DeDoDe v2: Analyzing and Improving the DeDoDe Keypoint Detector

Johan Edstedt, Georg Bökman, Zhenjun Zhao; Proceedings of the IEEE/CVF Conference on Computer Vision and Pattern Recognition (CVPR) Workshops, 2024, pp. 4245-4253

Abstract


In this paper we analyze and improve into the recently proposed DeDoDe keypoint detector. We focus our analysis on some key issues. First we find that DeDoDe keypoints tend to cluster together which we fix by performing non-max suppression on the target distribution of the detector during training. Second we address issues related to data augmentation. In particular the DeDoDe detector is sensitive to large rotations. We fix this by including 90-degree rotations as well as horizontal flips. Finally the decoupled nature of the DeDoDe detector makes evaluation of downstream usefulness problematic. We fix this by matching the keypoints with a pretrained dense matcher (RoMa) and evaluating two-view pose estimates.
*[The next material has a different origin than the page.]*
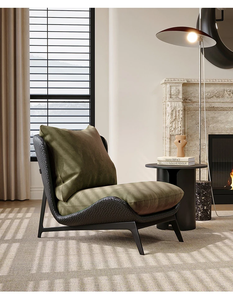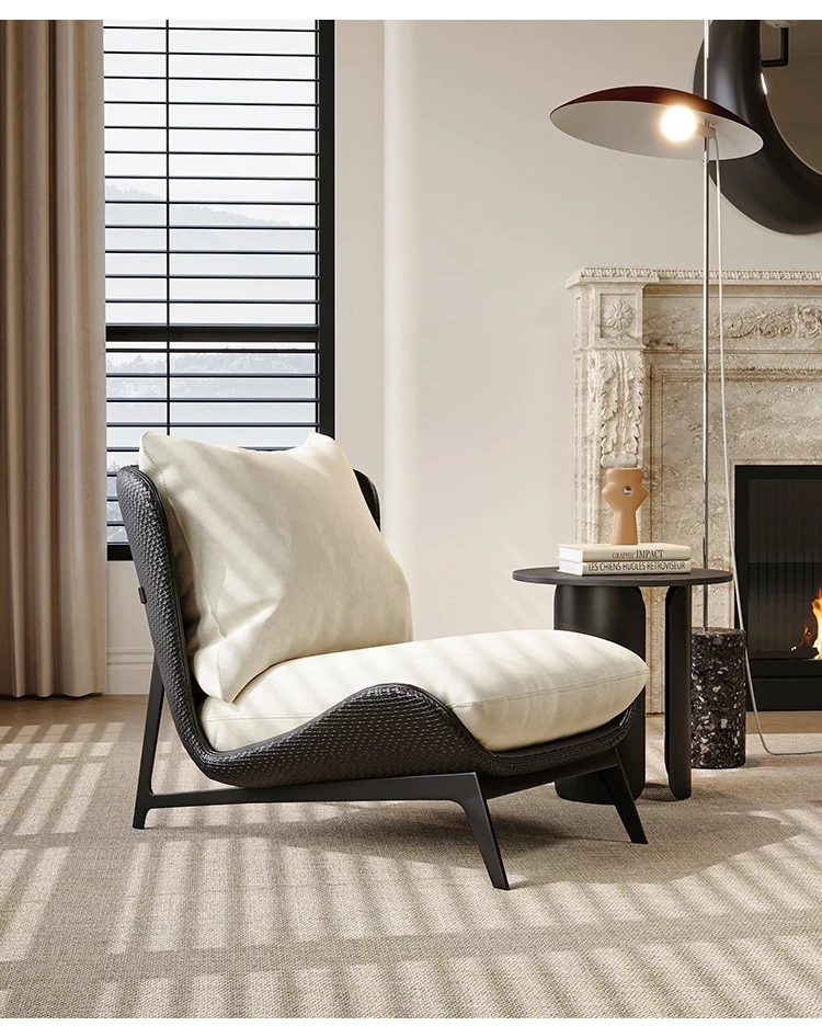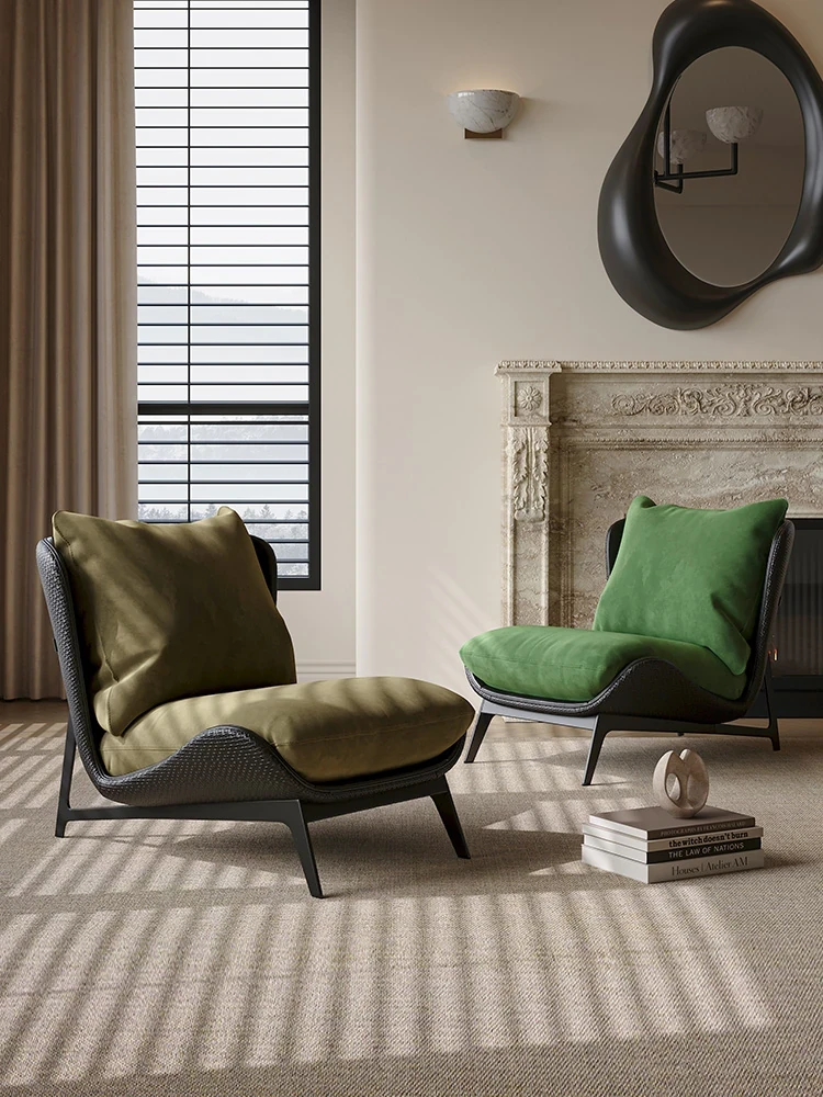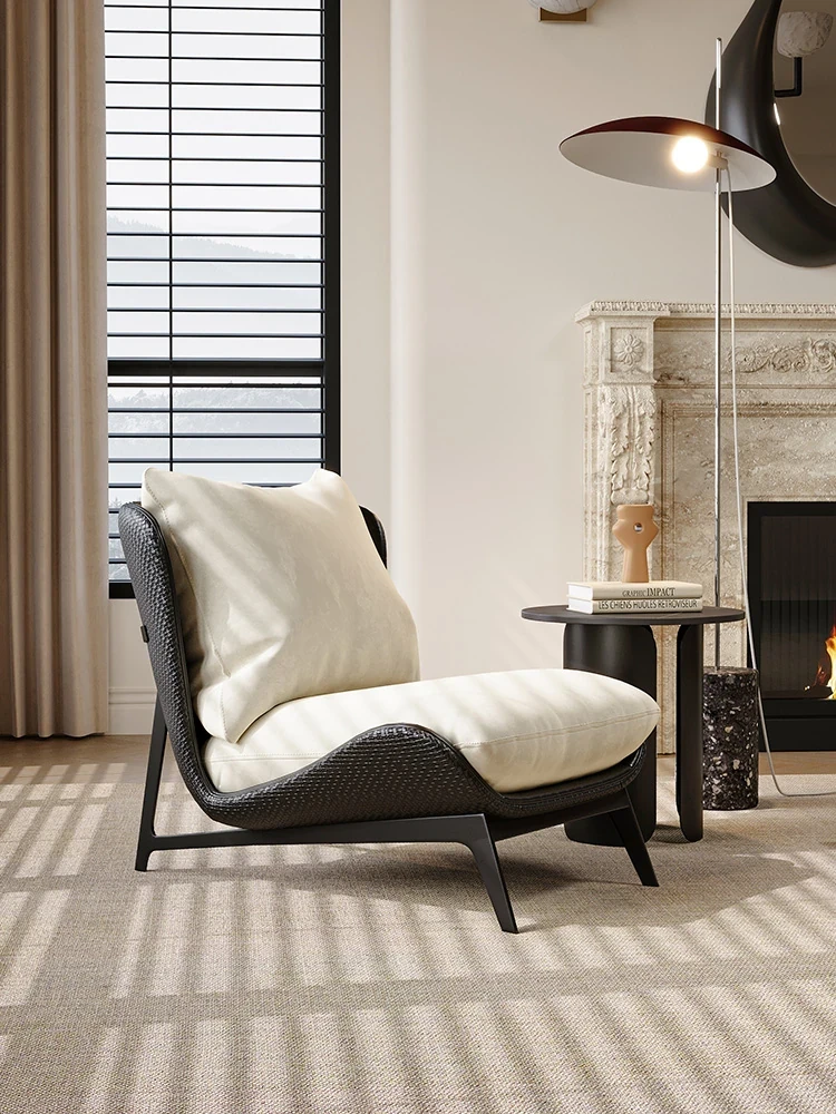 Italian Light Luxury Designer Single Sofa - Minimalist Modern Chair for Small Living Rooms and Balconies, Trendy Leisure Armchair for Relaxation

We find that the original long training is detrimental to performance and therefore propose a much shorter training schedule. We integrate all these improvements into our proposed detector DeDoDe v2 and evaluate it with the original DeDoDe descriptor on the MegaDepth-1500 and IMC2022 benchmarks. Our proposed detector significantly increases pose estimation results notably from 75.9 to 78.3 mAA on the IMC2022 challenge. Code and weights are available at github.com/Parskatt/DeDoDe.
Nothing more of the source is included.